The sea trials are a final step before the aircraft carrier is put into service by China's navy. That process is expected to take up to a year. The Shandong conducted nine sea tests before it was commissioned.

The test comes at a time of escalating tensions in the South China Sea. The Philippines on Wednesday said China's coast guard had fired water cannons at two ships on their the Scarborough Shoal.

That submerged reef is one of the flashpoints inside Manila's 200-nautical-mile (370km) exclusive economic zone, which Beijing claims as sovereign territory along with 90% of the South China Sea. An international tribunal invalidated China's claim in 2016, but Beijing does not recognise the ruling.

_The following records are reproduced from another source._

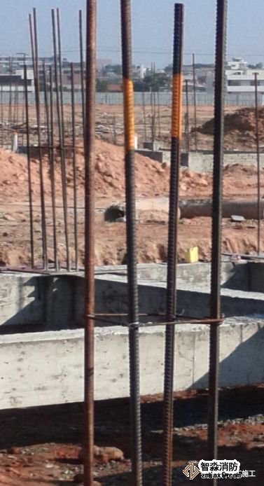 利用結構柱內(nèi)主筋作引下線時,每條引下線不得少于兩根主筋,每根主筋直徑不能小于Ф16㎜,防雷引下線位置最好對稱.引下線間距:一級防雷建筑:≤18m;二級防雷建筑:≤20m;三級防雷建筑:≤25m。按設計要求找出全部主筋位置,用油漆做好標記,距室外地面0.5m處焊接斷接卡子,隨鋼筋逐層串聯(lián)焊接至頂層,并焊接出屋面一定長度的引下線Ф12㎜的鍍鋅圓鋼,以備與避雷帶連接。柱內(nèi)引下線與梁內(nèi)均壓環(huán)可靠焊接,采用雙面焊接,焊縫雙面焊接長度大于6D,下端與建筑物樁基鋼筋及基礎底梁鋼筋的兩根主筋焊接。每層各引下點焊接后,隱蔽之前,均應請現(xiàn)場施工員及監(jiān)理進行隱檢,同時應填寫隱檢記錄。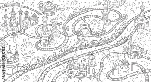 Naklejka premium Doodle art coloring page presenting a vast network of looping and spiraling train tracks connecting various space stations and moons
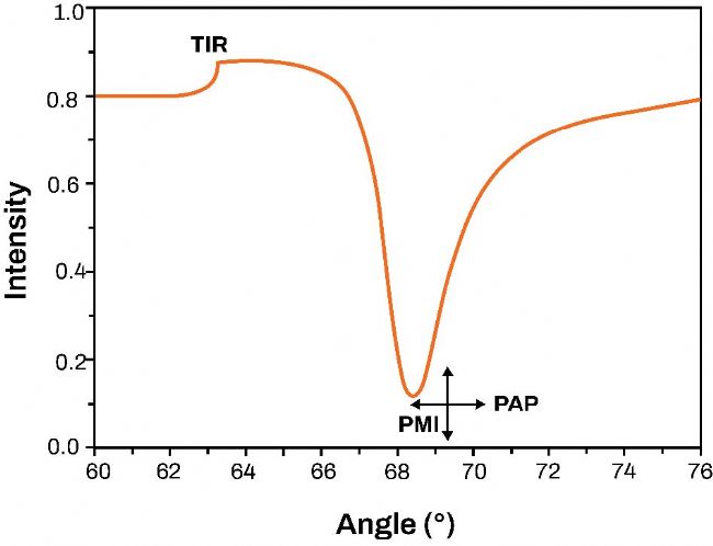 圖1. MP-SPR 能夠持續(xù)測量完整的表面等離子共振(SPR)曲線,并且能夠?qū)崟r追蹤多個參數(shù),包括峰值角度位置(PAP)、峰值最小強度(PMI)以及全內(nèi)反射(TIR)角度。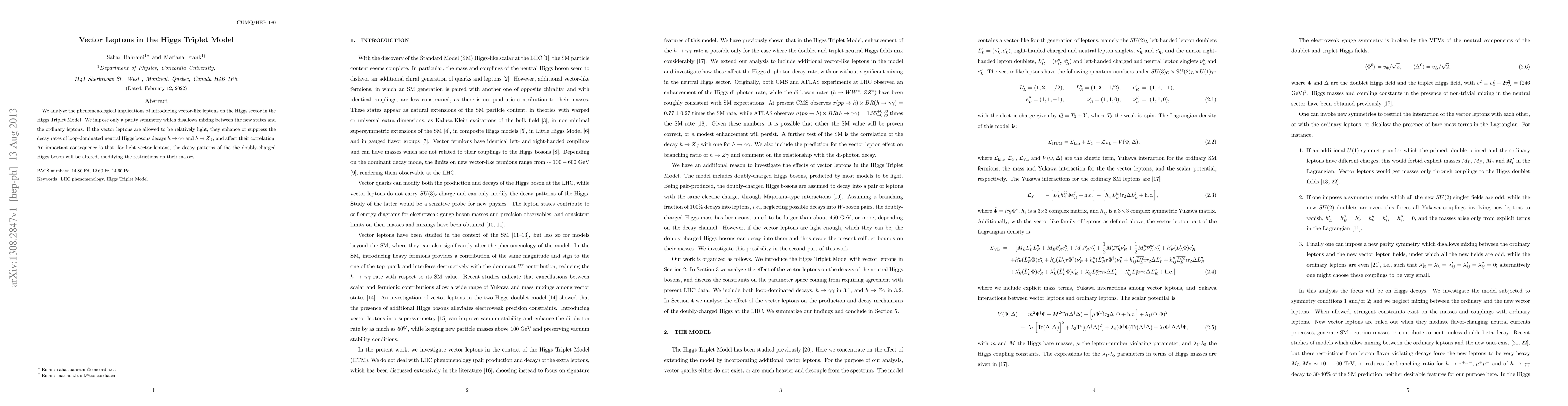 We analyze the phenomenological implications of introducing vector-like leptons on the Higgs sector in the Higgs Triplet Model. We impose only a parity symmetry which disallows mixing between the new states and the ordinary leptons. If the vector leptons are allowed to be relatively light, they enhance or suppress the decay rates of loop-dominated neutral Higgs bosons decays h -> gamma gamma and h -> Z gamma, and affect their correlation. An important consequence is that, for light vector leptons, the decay patterns of the the doubly-charged Higgs boson will be altered, modifying the restrictions on their masses.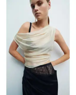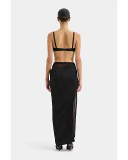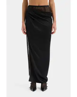 The Dunya Draped Skirt is a midi length silhouette crafted from lightweight silk in black with a lustrous satin finish. The removable satin overlay is softly gathered at the side to form a draped effect and finished with side split detail. Defined with a sheer lace underlay that is designed to be worn underneath or alone for versatile styling. It styles perfectly with the matching Dunya Bralette and the Strobe Cowl Top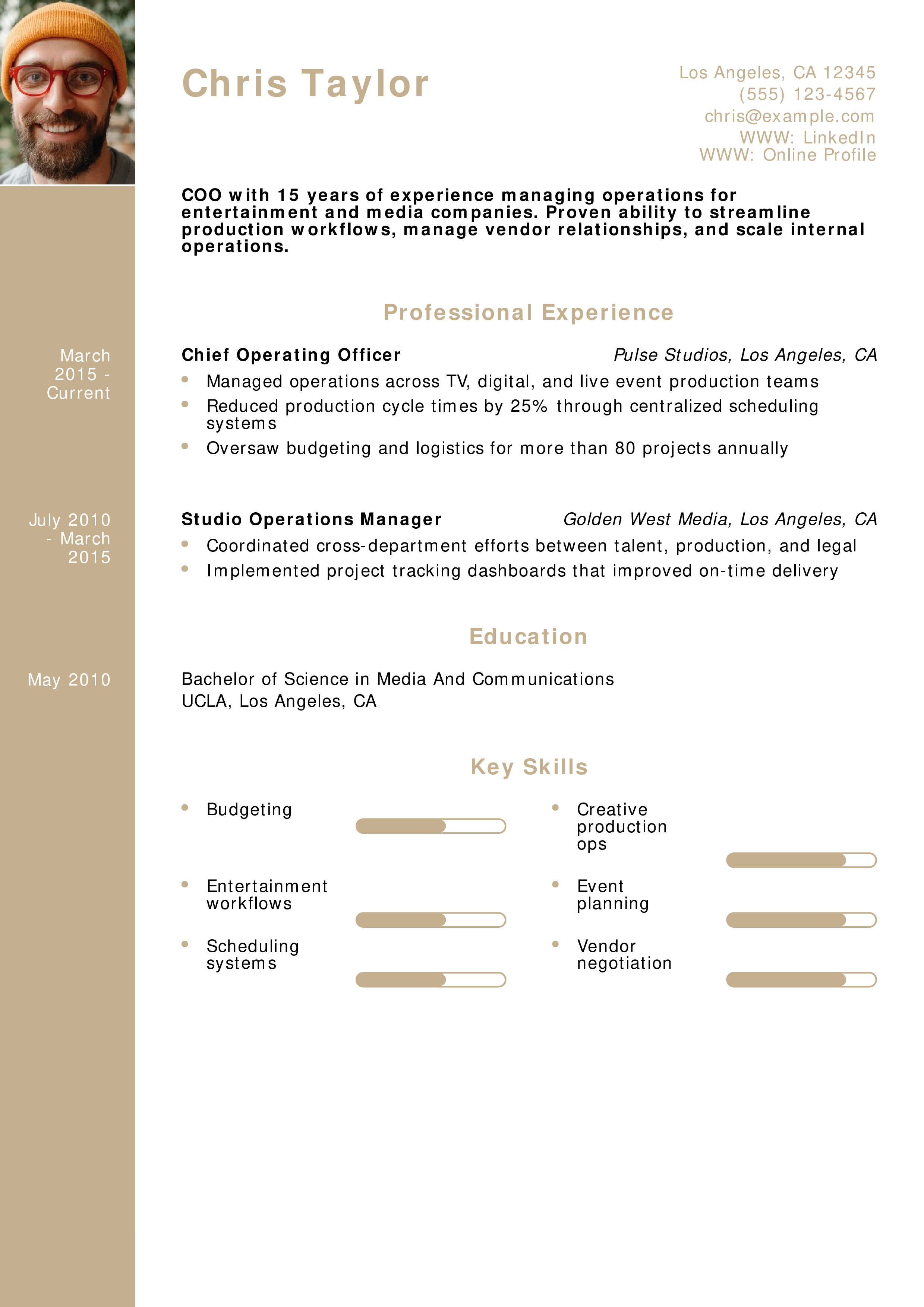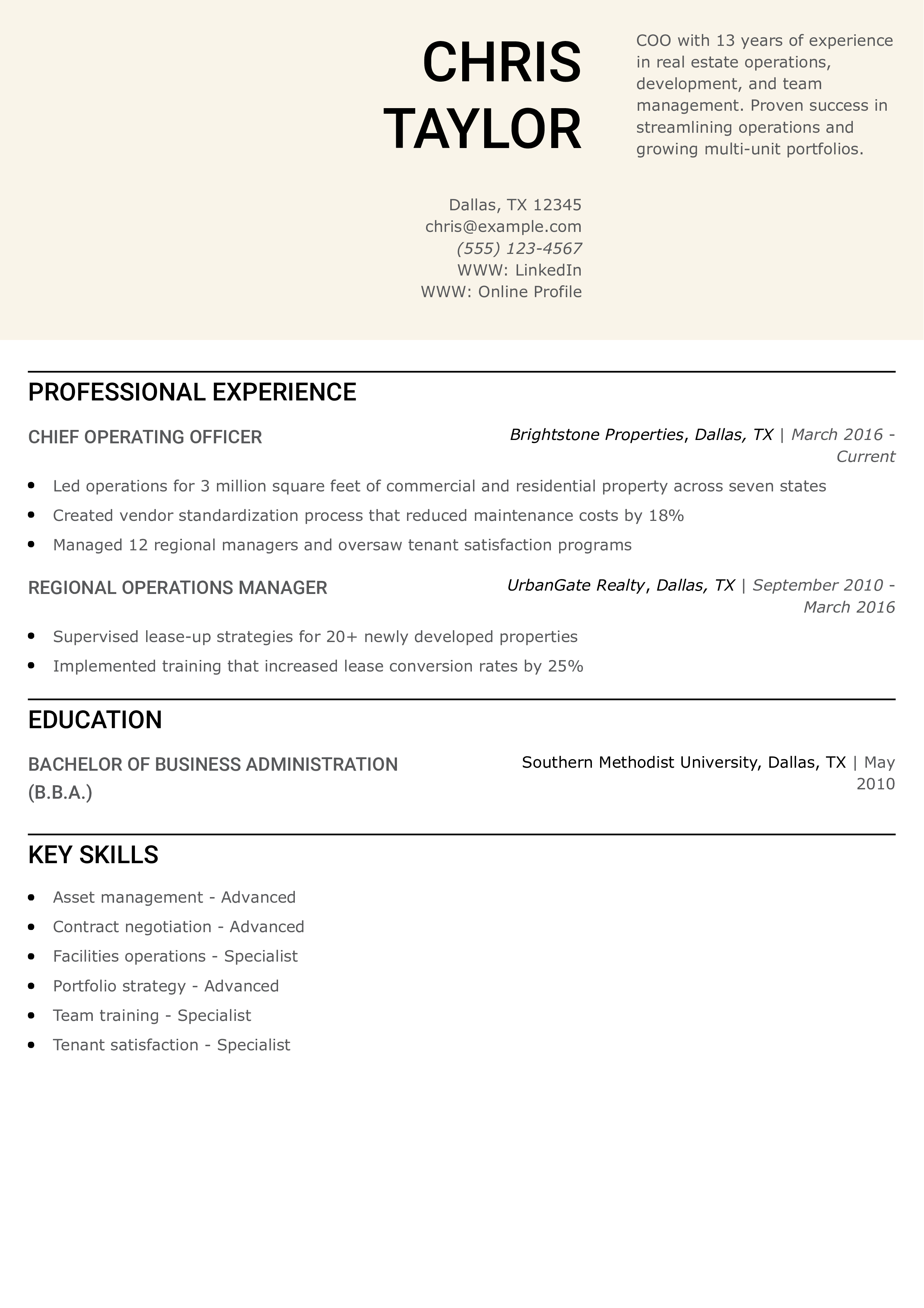 A competitive chief operating officer (COO) resume is packed with demonstrations of experience, confident leadership, and knowledge of the industry in question. Create this document by leveraging best practices, such as using action verbs and specific metrics in bulleted lists or choosing the right format for your resume.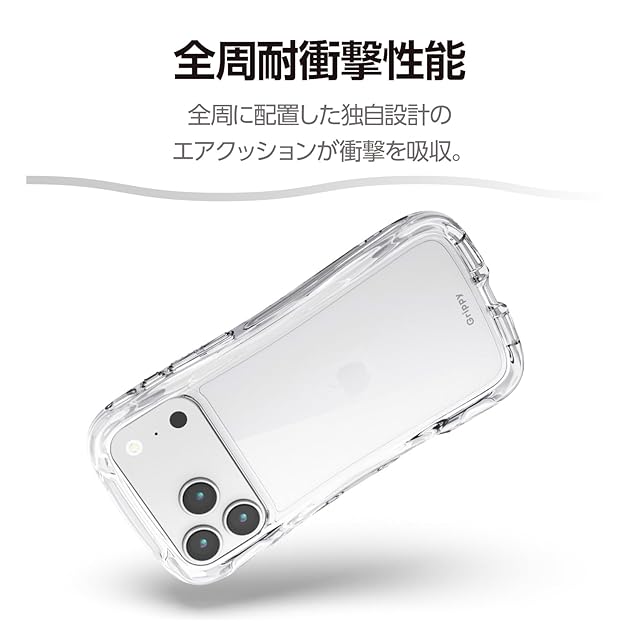 商品名:エレコム iPhone 17 Pro Max ケース カバー クリア 耐衝撃 衝撃吸収 ハイブリッド TPU Grippy 手に馴染む グリップ感 ストラップホール付き カメラ保護 メタルステッカー付属 ストラップシート付き オールクリア PM-A25DGRPACR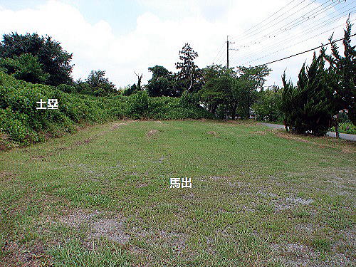 ![]() 三の丸より、外堀の土橋を渡った所の南馬出中央部、Ⓑ地点より土塁を望む。 |

China Daily quoted China's navy as saying the Fujian's test run at sea was intended to assess the "reliability and stability of the carrier's propulsion and electric power systems."

It said the carrier was among "the most important military hardware" China is developing.

Only the United States, with 11 aircraft carriers and nine aircraft-carrying amphibious assault ships, has more of the vessels than China.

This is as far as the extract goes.